═══ Dataset extract

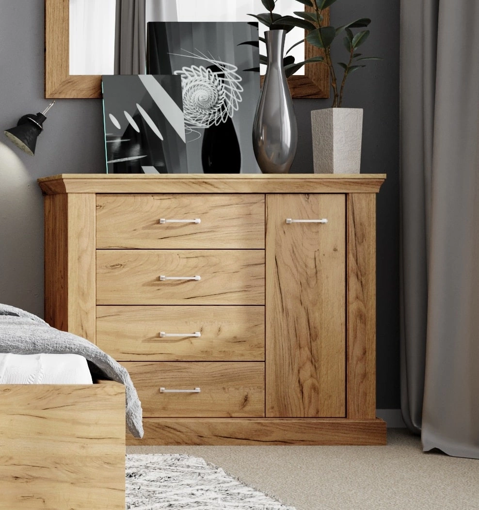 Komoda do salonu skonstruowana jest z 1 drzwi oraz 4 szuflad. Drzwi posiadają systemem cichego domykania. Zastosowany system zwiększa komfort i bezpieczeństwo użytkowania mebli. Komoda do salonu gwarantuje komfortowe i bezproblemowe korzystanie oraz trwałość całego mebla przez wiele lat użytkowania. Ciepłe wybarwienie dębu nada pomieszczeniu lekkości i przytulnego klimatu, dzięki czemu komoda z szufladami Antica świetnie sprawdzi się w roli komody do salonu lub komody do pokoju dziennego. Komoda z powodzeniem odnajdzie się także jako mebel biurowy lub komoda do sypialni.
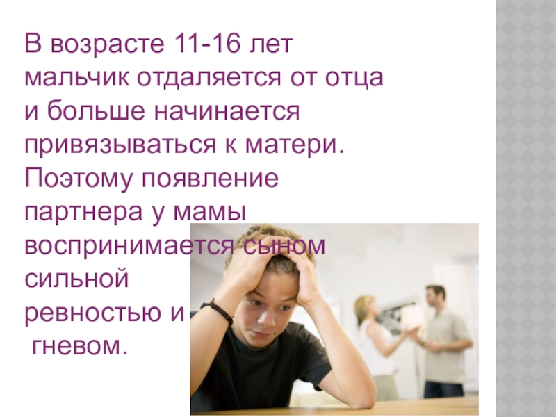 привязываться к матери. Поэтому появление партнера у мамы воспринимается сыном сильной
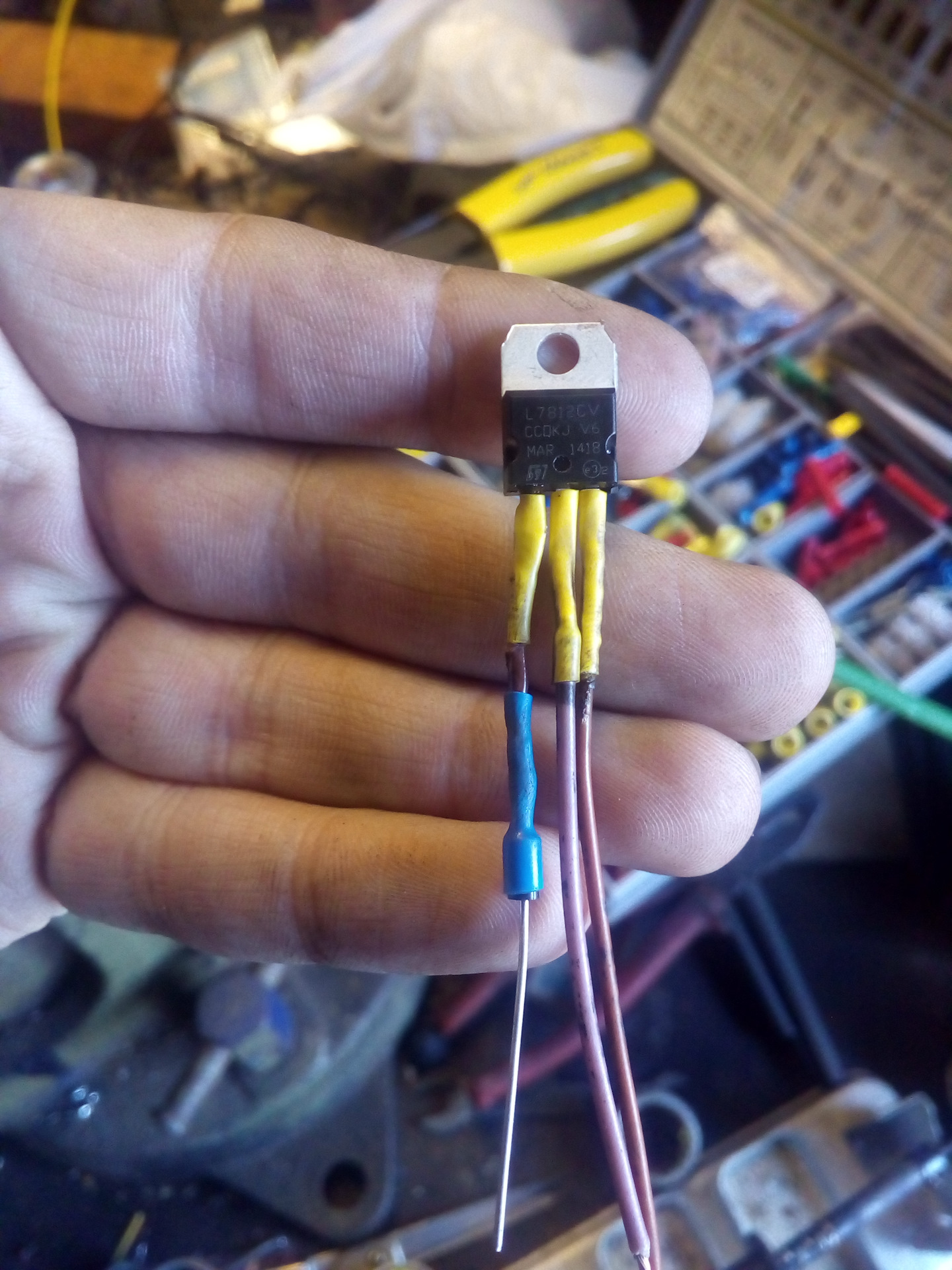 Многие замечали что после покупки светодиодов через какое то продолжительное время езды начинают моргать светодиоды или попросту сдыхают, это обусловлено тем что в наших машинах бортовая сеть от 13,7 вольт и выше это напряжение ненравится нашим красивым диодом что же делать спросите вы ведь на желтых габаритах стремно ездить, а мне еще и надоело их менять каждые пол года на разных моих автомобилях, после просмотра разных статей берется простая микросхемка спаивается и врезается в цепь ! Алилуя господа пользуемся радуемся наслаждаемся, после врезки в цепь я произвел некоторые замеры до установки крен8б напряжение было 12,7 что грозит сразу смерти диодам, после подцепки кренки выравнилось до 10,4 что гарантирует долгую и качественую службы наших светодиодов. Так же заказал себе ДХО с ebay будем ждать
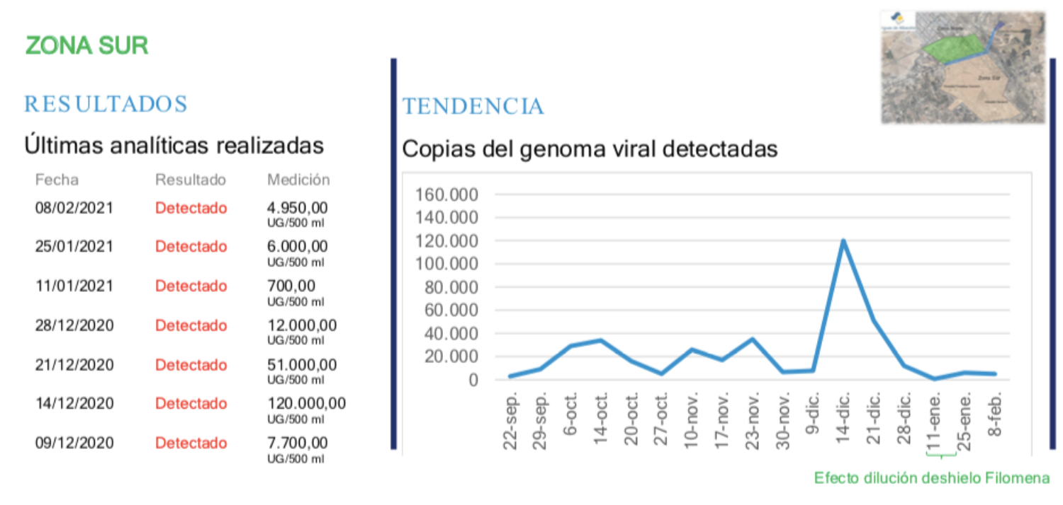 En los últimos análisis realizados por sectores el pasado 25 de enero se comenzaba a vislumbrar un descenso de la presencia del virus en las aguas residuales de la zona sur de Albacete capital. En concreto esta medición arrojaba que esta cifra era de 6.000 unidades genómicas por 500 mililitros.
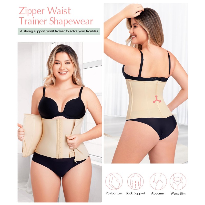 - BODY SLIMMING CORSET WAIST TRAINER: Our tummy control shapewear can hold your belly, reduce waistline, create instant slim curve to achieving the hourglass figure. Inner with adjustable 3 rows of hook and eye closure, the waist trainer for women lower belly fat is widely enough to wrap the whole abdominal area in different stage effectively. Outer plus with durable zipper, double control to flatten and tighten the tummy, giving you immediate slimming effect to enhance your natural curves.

══════

Task item: Repeat the data above word for word, without pictures.

Output:
 Komoda do salonu skonstruowana jest z 1 drzwi oraz 4 szuflad. Drzwi posiadają systemem cichego domykania. Zastosowany system zwiększa komfort i bezpieczeństwo użytkowania mebli. Komoda do salonu gwarantuje komfortowe i bezproblemowe korzystanie oraz trwałość całego mebla przez wiele lat użytkowania. Ciepłe wybarwienie dębu nada pomieszczeniu lekkości i przytulnego klimatu, dzięki czemu komoda z szufladami Antica świetnie sprawdzi się w roli komody do salonu lub komody do pokoju dziennego. Komoda z powodzeniem odnajdzie się także jako mebel biurowy lub komoda do sypialni.
 привязываться к матери. Поэтому появление партнера у мамы воспринимается сыном сильной
 Многие замечали что после покупки светодиодов через какое то продолжительное время езды начинают моргать светодиоды или попросту сдыхают, это обусловлено тем что в наших машинах бортовая сеть от 13,7 вольт и выше это напряжение ненравится нашим красивым диодом что же делать спросите вы ведь на желтых габаритах стремно ездить, а мне еще и надоело их менять каждые пол года на разных моих автомобилях, после просмотра разных статей берется простая микросхемка спаивается и врезается в цепь ! Алилуя господа пользуемся радуемся наслаждаемся, после врезки в цепь я произвел некоторые замеры до установки крен8б напряжение было 12,7 что грозит сразу смерти диодам, после подцепки кренки выравнилось до 10,4 что гарантирует долгую и качественую службы наших светодиодов. Так же заказал себе ДХО с ebay будем ждать
 En los últimos análisis realizados por sectores el pasado 25 de enero se comenzaba a vislumbrar un descenso de la presencia del virus en las aguas residuales de la zona sur de Albacete capital. En concreto esta medición arrojaba que esta cifra era de 6.000 unidades genómicas por 500 mililitros.
 - BODY SLIMMING CORSET WAIST TRAINER: Our tummy control shapewear can hold your belly, reduce waistline, create instant slim curve to achieving the hourglass figure. Inner with adjustable 3 rows of hook and eye closure, the waist trainer for women lower belly fat is widely enough to wrap the whole abdominal area in different stage effectively. Outer plus with durable zipper, double control to flatten and tighten the tummy, giving you immediate slimming effect to enhance your natural curves.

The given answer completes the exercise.